Canada

Justin Trudeau’s other opponent

The new Liberal leader’s biggest rivalry may not be with Harper, but fellow progressive Mulcair

Trudeau’s other opponent

Photograph by Adam Scotti

The House of Commons is laid out to create confrontations, classically a prime minister and an opposition leader glaring at one another across the wide centre aisle. So when Justin Trudeau entered the chamber this week for the first time as Liberal leader, interest naturally focused on how he would fare against Stephen Harper. (Their initial exchange was disappointingly low-key.) But there is another equally intriguing, though less obvious, way to size up the House scene. If Trudeau takes a sidelong glance from his new front-bench seat, he’s liable to catch sight of the brooding profile of NDP Leader Thomas Mulcair—potentially his even more important adversary in the next election.

Neither Mulcair nor Trudeau seems eager to publicly emphasize his rivalry with the other, at least not nearly as much as his desire to bring down Harper.
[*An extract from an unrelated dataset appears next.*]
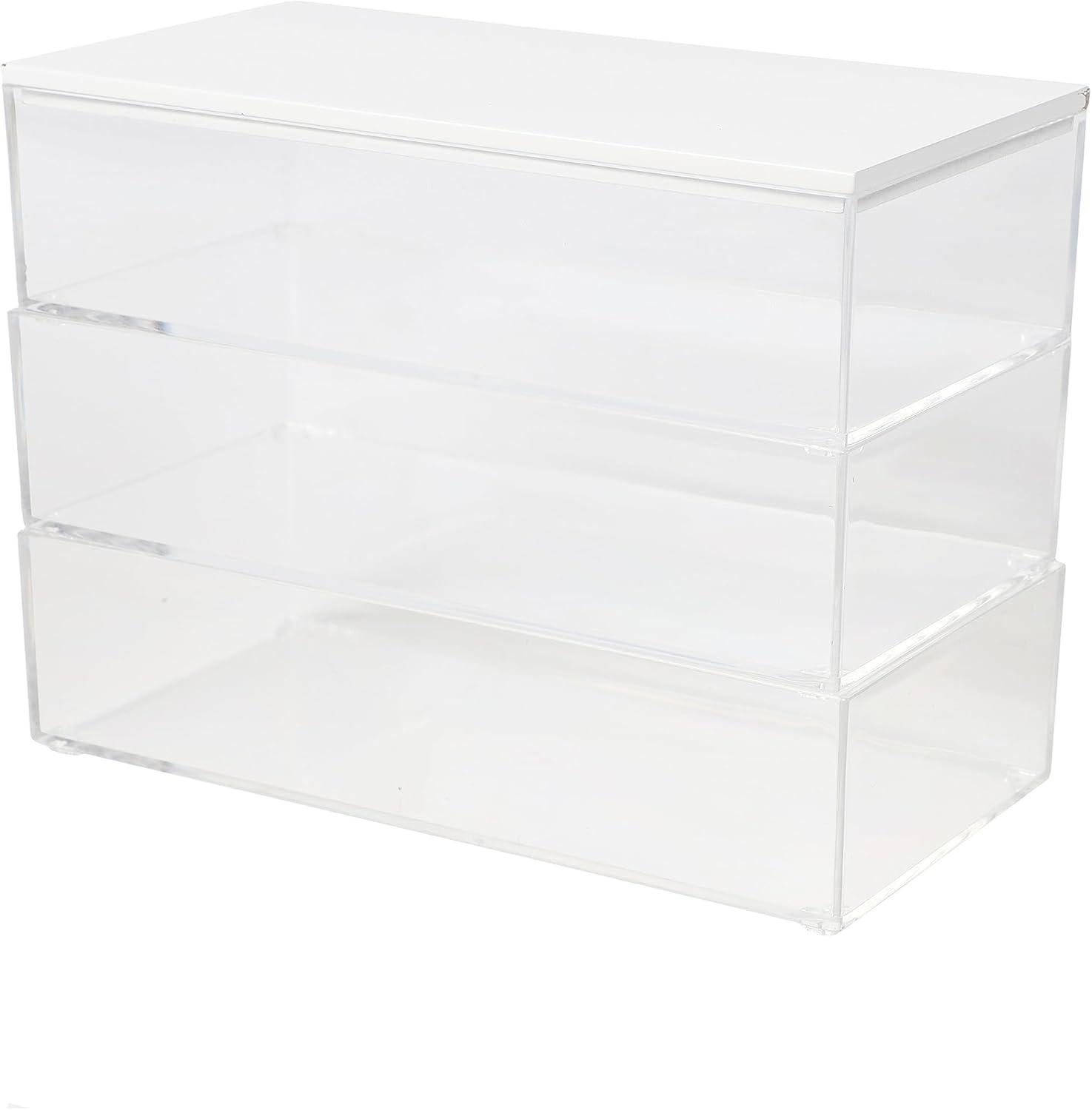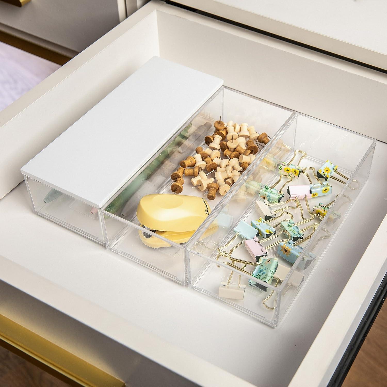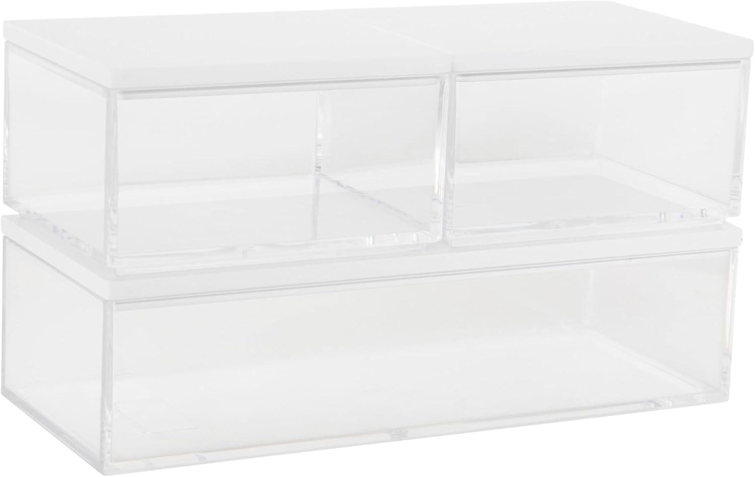 Martha Stewart Brody Plastic Storage Organizer Bins with Engineered Wood Lids for Home Office,-Kitchen, or-Bathroom, 3 Pack 1-Small/1-Medium/1-Large, Clear/White(Clear/White)

Yet in key election battlegrounds—notably Quebec, home province of both—their success in the expected 2015 campaign will depend largely on which left-of-centre party comes out on top and by how much. “It really comes down to trying to eliminate the other progressive option,” says Ipsos Reid pollster Darrell Bricker. Recent polls show the Liberals surging past the NDP on the strength of the excitement Trudeau generated cruising to victory in the party’s leadership race. That sort of bounce for a new leader is typical, but not easy to sustain. Still, the opinion shift provides a glimpse of how Trudeau’s rise, if he doesn’t falter, might change the next election’s outcome.

Wilfrid Laurier University’s Laurier Institute for the Study of Public Opinion and Policy blended the findings of five national polls, conducted in late March and early April, and projected that if those voter preferences prevailed on election day, the Tories would be reduced to a minority, 138 seats down from 164. The Liberals would vault into second place, rising to 93 MPs from today’s 35, while the NDP would be relegated back to third, dropping to 89 seats from 100. Barry Kay, a political science professor at the university and an associate at the institute, says projected Liberal gains in Quebec—from today’s eight seats to a respectable 23—would come mainly from the NDP. In Atlantic Canada and Ontario, Trudeau would pick up ridings primarily from the Tories—sometimes as a result, not so much of the Conservative vote slipping, but of NDP support shifting to the Liberals.

Bricker sees taking votes back from the NDP as Trudeau’s main task ahead. His latest Ipsos Reid poll, conducted March 28 to April 3, put the Liberals at 32 per cent, a hair above the Tories at 31 per cent, with the NDP close behind at 27 per cent. But he sees Harper’s support as solid at that level, unlikely to erode further. For Trudeau to find more votes in winnable ridings, he must slice deeper into Mulcair’s share. “As long as the NDP stays at this artificially high level, which is historical for them, it really doesn’t matter what else the Liberals do,” Bricker says.

Of course, the NDP doesn’t concede that polling in the high twenties is artificially elevated. In fact, a senior NDP strategist, who asked not to be named, argues it’s the recent Liberal numbers that are inflated. He pointed to how Stéphane Dion and Michael Ignatieff both enjoyed short-lived polling spikes after they won the Liberal leadership, only to drag the party down to crushing defeats in the last two elections. As well, the strategist says the NDP’s main concern in Quebec is any recovery of the Bloc Québécois, not a Trudeau-led Liberal revival. The NDP takes solace from numbers that suggest the Liberal leadership race failed to spark much enthusiasm in Quebec. Out of about 104,000 Liberal party members and supporters who voted—an overwhelming 80 per cent of them for Trudeau—just 11,929 were Quebecers. That’s only slightly more than one in 10 ballots cast, from a province that accounts for nearly a quarter of the country’s population.

There are hints, however, that the NDP is taking the Trudeau threat more seriously than Mulcair’s advisers admit. Although the Tories were out first this week with widely anticipated anti-Trudeau attack ads, the NDP is also producing new TV spots. According to the NDP strategist, they will highlight Mulcair’s experience—implying a contrast with Trudeau. Like their Tory counterparts, NDP strategists apparently see Trudeau as lacking a credible prime minister’s resumé. At an NDP policy convention last weekend in Montreal, though, Mulcair mainly left it to other New Democrat MPs to dismiss the new Liberal leader. Trudeau was more overt in his acceptance speech after his leadership win was announced in Ottawa, lumping Mulcair in with Harper as “divisive and negative.”

Canadian politics is often portrayed as if it follows the two-party U.S. or British mode, as a right-vs.-left affair. But with the rise of Trudeau making it a three-party contest again, the first order of political business might not be to defeat Stephen Harper so much as to establish which rival really ranks as his foremost challenge.